Mthuli Ncube voted best African Finance Minister of the year

By Caleb Chikwawawa

Finance Minister Mthuli Ncube was recognised as African Finance Minister of the year for using Zimbabwe’s scant resources to deal with the Covid-19 rampage in the country.

The award was presented at the 2023 Global Reputation Forum held in the House of Lords in Central London.

The surprise recognition was attributed to his efforts towards Zimbabwe’s ability to use its resources to fight and contain the Covid-19 pandemic.

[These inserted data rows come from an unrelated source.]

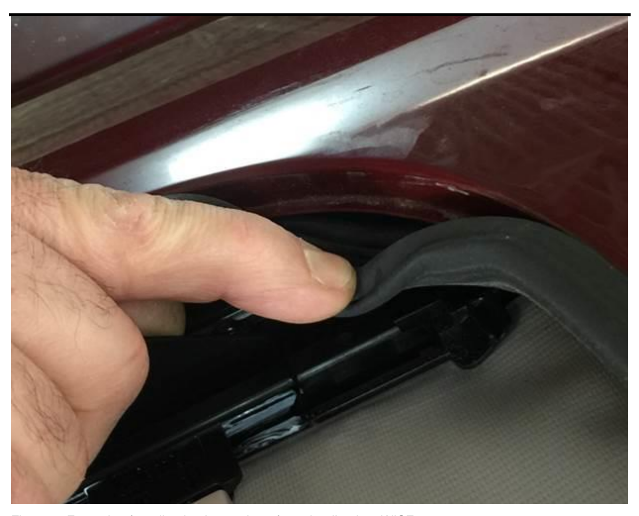
Figure 4: Example of a adhesion issue photo for uploading into WISE.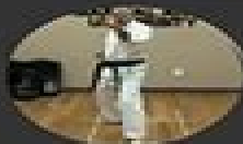
Basics (Jishu) Basic techniques such as punches, kicks, stances, and blocks.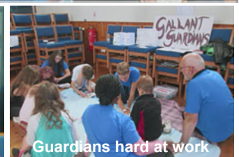
Guardians hard at work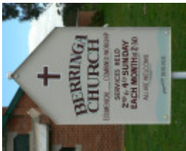
St Aidan's Church Berringa - details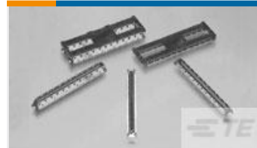
TE Part #3-1827231-6 .5FHR04H,440,B,GIG,08/Sn,HT,NS

Reputation Poll International Chairman, Lord Waverly said while presenting Ncube with the award that Zimbabwe ranked high for recording a comparative minimum in terms of deaths related by the global pandemic.

“In today’s rapidly evolving financial landscape, the convergence of technology and banking has given rise to a new era of financial management challenges and the Zimbabwean Minister, with a shoe-string budget, managed to fight the Covid-19 pandemic with the Government and country recording minimal Covid-19 related deaths,” he said.

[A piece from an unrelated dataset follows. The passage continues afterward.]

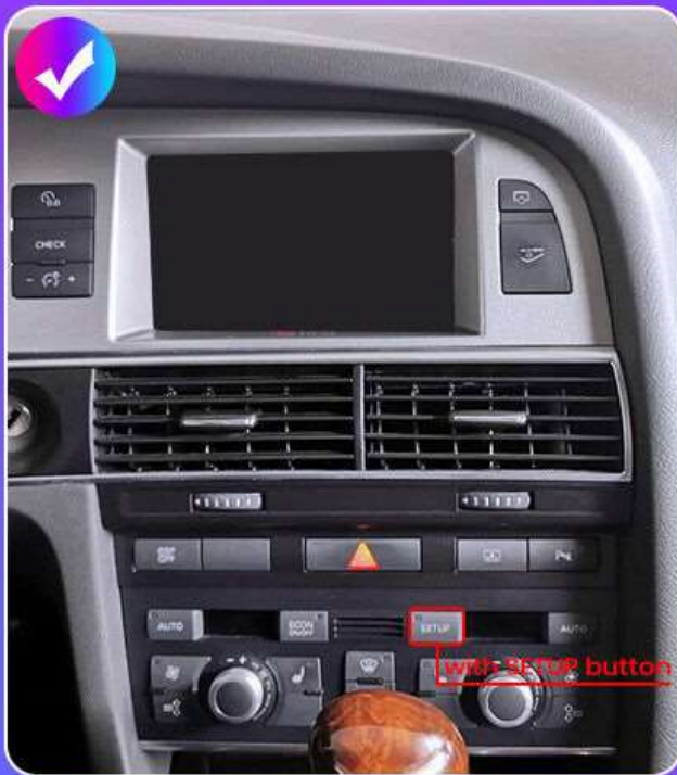
Für Audi A6 C6 4F Niedrige Version MMI 2G (2005-2009)

Bitte bestätigen Sie das Baujahr Ihres Fahrzeugs vor der Bestellung, wenn Ihr Fahrzeug von 2010-2012 ist, kontaktieren Sie uns bitte, um eine andere Version zu bestellen.

Ncube, on his part, said, “The Zimbabwean economy has steadily grown, while critical infrastructure had been improved under the Second Republic, even under economic sanctions.”

The awarding of a Treasury boss who is unpopular for barren fiscal policies in his own homeland was criticised by his predecessor Tendai Biti.

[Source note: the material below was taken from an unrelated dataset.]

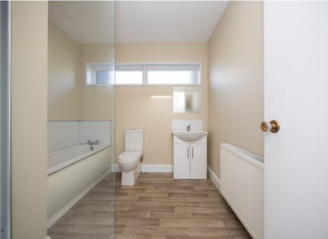
Bathroom with bath and shower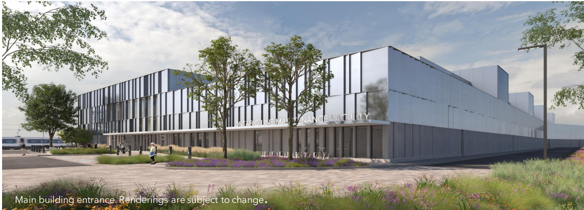
Main building entrance. Renderings are subject to change.

Those working at the OMSF location will oversee operations of the line, signaling and communications maintenance, line security, safety, performance management, and track and train maintenance.

“Of all economic indices, there is one thing that doesn’t lie; it is the exchange rate. The exchange rate tells you whether the economy is performing well, whether the stewardship of the economy is in good hands.”

Former economics lecturer at the University of Zimbabwe said the award was misplaced as Ncube has presided over a broken economy in the country.

“If you look at his track record, first of all, the quantitative targets in the Transitional Stabilisation Programme (TSP) were not met,” he said.

“Secondly, since he has been Minister of Finance, we have had the World’s second or third highest rate of inflation. We have moved from a very low rate of inflation to a very high rate.

“Thirdly, the value of the currency when he took over was theoretically US100 cents; that is what the Zimbabwean dollar was worth. Today. It’s worth less than one US cent.

“We have seen a rise in poverty, we have seen a rise in unemployment.

“So, I think the guys who decided that his policies were working either didn’t know what they were talking about or think it’s probably the truth or were making premature judgements.”